MICHEÁL DALY HAWKINS, Circuit Judge.

Debtor Claude Cossu appeals the district court’s order affirming the bankruptcy court’s determination that Jefferson Pilot Securities (“Jefferson Pilot”) had a valid bankruptcy claim against Cossu of approximately $1.1 million and that such debt was nondischargeable pursuant to 11 U.S.C. § 523(a)(2)(A). We affirm in part, reverse in part, and remand for further proceedings.

FACTS AND PROCEDURAL HISTORY

Cossu began working in the insurance business in 1971. In connection with this work, Cossu was a National Association of Securities Dealers (“NASD”) registered broker. As a NASD broker/dealer, Cossu knew he had an ongoing obligation to report outside business activities to the company with whom he was licensed (referred to in the industry as “selling away”).

In 1995, he became a registered representative for Jefferson Pilot. 1 In response to a questionnaire completed at the beginning of his employment, he specifically denied being engaged in any such outside activities. Cossu was also aware that under NASD guidelines, he was not permitted to engage in private securities transactions without prior notice and approval from Jefferson Pilot.

In May 1997, Cossu received a fax from SafeRate Financial Services (“SafeRate”) advertising an investment that promised clients a ten percent annual percentage rate with a nine-month term. In response to an inquiry by Cossu, SafeRate sent another fax, stating that the product was “an insured guaranteed cash contract/corporate promissory note.” The fax claimed the notes were “not a security,” but an “exempt security” that still had to “be in compliance with the laws governing exempt securities.”

Cossu then signed an agreement with SafeRate, agreeing to act as an agent and market its products. Cossu and SafeRate also entered into a separate commission agreement. Cossu did not notify Jefferson Pilot that he had entered into the agreement with SafeRate, claiming he did not think SafeRate’s products were securities.

In mid-October 1997, Cossu signed another representative agreement with Jefferson Pilot, agreeing to abide by the rules and regulations of the company and the industry and not to engage in outside business activity without approval from the company. The compliance manual listed private securities transactions as prohibited acts.

In 1998, Cossu received a brochure describing the promissory notes offered by SafeRate. The brochure stated that although the notes were exempt from registration with the SEC, they were subject to *594 securities law and the anti-fraud provision of the 1933 Securities Act. Throughout 1998 and into 1999, Cossu sold various investments to clients through SafeRate, earning nearly $500,000 in commissions. During the same period, Cossu was apparently gambling frequently with large sums of money as the result of what the bankruptcy court described as a “serious gambling habit.”

In August 1999, the SEC closed down one of the companies from which Cossu’s clients had purchased the SafeRate notes. The SEC also brought a complaint against Cossu, alleging he had (1) made material misrepresentations and omissions in connection with the offer and sale of unregistered securities, (2) acted as an unregistered broker/dealer in those notes, and (3) received ill-gotten gains in the form of commission payments from his sale of those securities. Cossu settled the SEC lawsuit in 2000.
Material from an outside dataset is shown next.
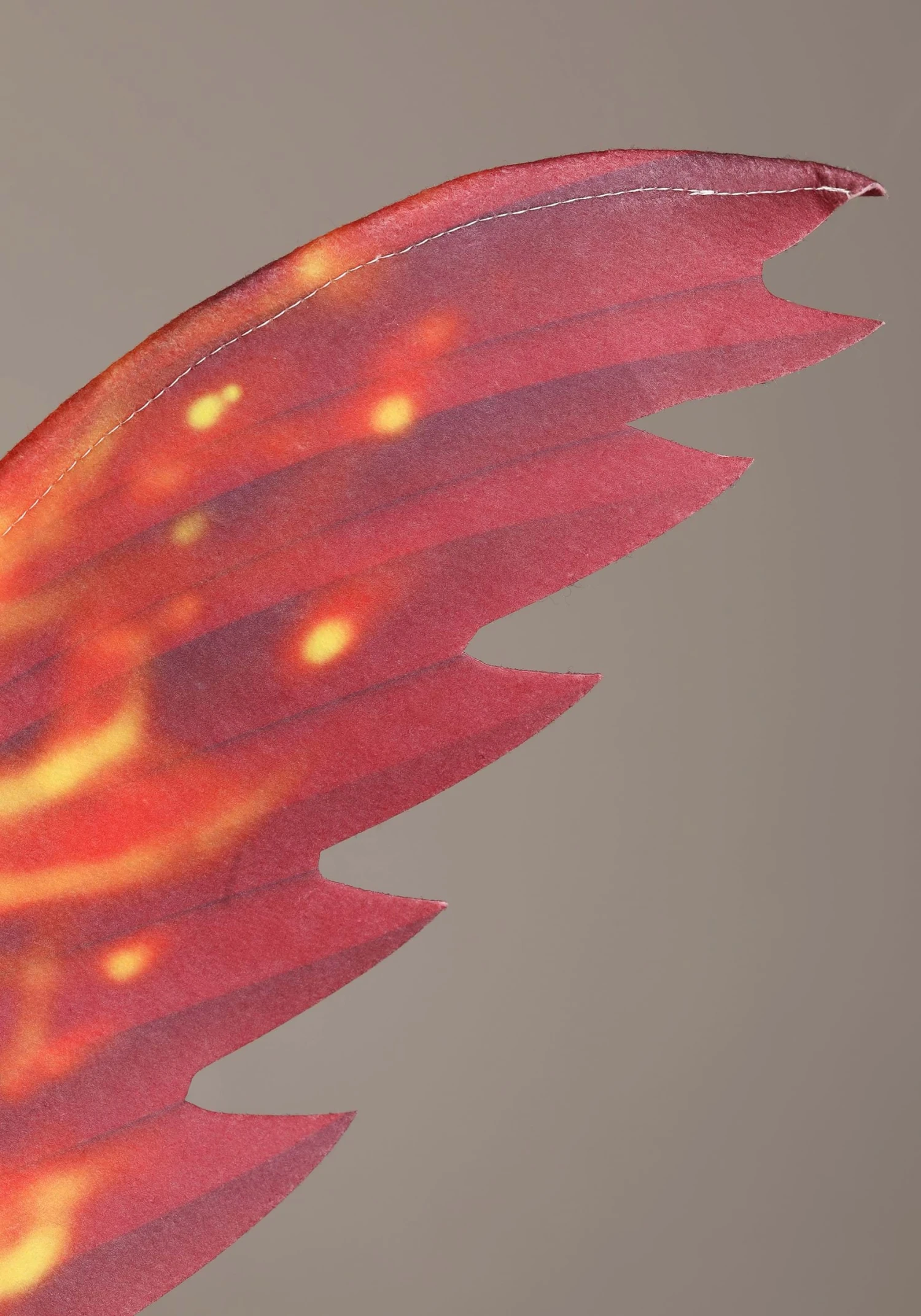 This Made By Us costume starts with a color-blocked robe. The left is bright white, while the right features printed flames. The robe is designed as a pullover for easy wear. An elastic waistband holds it snug while the matching flame-print belt secures around the waist with hook-and-loop fasteners to add polish. The two-toned wings wear over-the-shoulder with elastic bands. Completing the look is a devil horn and angel halo headband!

Cossu’s clients, however, filed claims against Jefferson Pilot for individual losses suffered from investments made through Cossu, Jefferson Pilot’s registered representative. Jefferson Pilot settled many of these claims shortly before they were to go to trial.

Meanwhile, Cossu filed a Chapter 7 bankruptcy petition. Jefferson Pilot then brought an adversary proceeding against Cossu, alleging that the amounts it paid to defend and settle the claims by Cossu’s clients should be nondischargeable debt pursuant to 11 U.S.C. §§ 523(a)(2)(A), 523(a)(4), and 523(a)(6). Following a trial, the bankruptcy judge found that Cossu knew the notes were securities, and held the debt to be nondischargeable, apparently relying on § 523(a)(4) (fraud in a fiduciary capacity), and ruled the amount of debt to be approximately $1.9 million.

On appeal, the district court reversed and remanded. It found that the bankruptcy court had made insufficient findings with respect to the validity or amount of Jefferson Pilot’s claim, and that the statutes relied on by Jefferson Pilot to establish a fiduciary duty were legally insufficient under § 523(a)(4). It also noted that the factual findings by the bankruptcy court were insufficient to support non-dis-chargeability under the other two sections.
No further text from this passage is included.